In case you've been under a rock for the past two years, the ongoing "bathroom wars" are centered around the question of whether transgender people have a right to use the bathroom corresponding to their gender identity. Much of the criticism comes from the idea that sexual predators will supposedly use the opposite-gender restroom to harass or assault its occupants.
However, the basis of this criticism has been shown to be a myth: Not only is there no evidence that anyone has ever been attacked by a trans person in a bathroom, but in reality, transgender individuals actually face greater risks when using the restroom than cisgender people do. As Emile's tweet demonstrates, gender-neutral bathrooms are simply bathrooms, even when they're the location for an impromptu photo shoot.

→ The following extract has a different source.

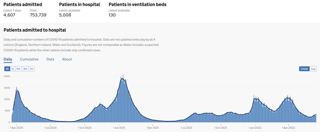 从2021年3月5日以来,苏格兰地区共有累积新冠入院患者65,243名(*)确诊患者出院。截至6月5日午夜,近期住院的疑似/确诊新冠患者637名(+47),其中8名(+4)确诊新冠在重症监护室ICU。
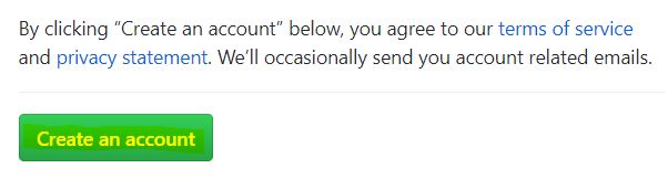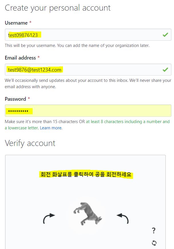 메뉴에서 [Sign up]를 클릭했을 경우 아래 화면이 보여지고 Username, Email, Password를 작성하고 Verify account를 수행하고 하단의 [Create an account]를 눌러 가입한다.

"I think gender neutral/inclusive bathrooms benefit anyone," Emile tells Bustle. "Trans people don't have to worry about getting beat up if they go into the bathroom ... non-binary people don't have to fit back into a binary to go to the bathroom, and families can take their children to the bathroom." For every gendered bathroom, she adds, she would like to see a gender-neutral restroom as well.
Queer presences in bathrooms remain a contentious subject. Last year, North Carolina famously implemented House Bill 2, which required transgender individuals to use public bathrooms corresponding with the identity they were assigned at birth. The good news is that it was partially repealed last month (although the replacement is still problematic). The less-than-good news is that Donald Trump has revoked Obama-era guidelines allowing public schools to let transgender students use their desired bathroom.
Given the unpredictability of the current political climate, it's still difficult to tell where the law will eventually stand on gender-neutral and inclusive bathrooms, but in the meantime, at least there are fashionable queer students showing us what LGBTQ equality can look like — and how awesome it is.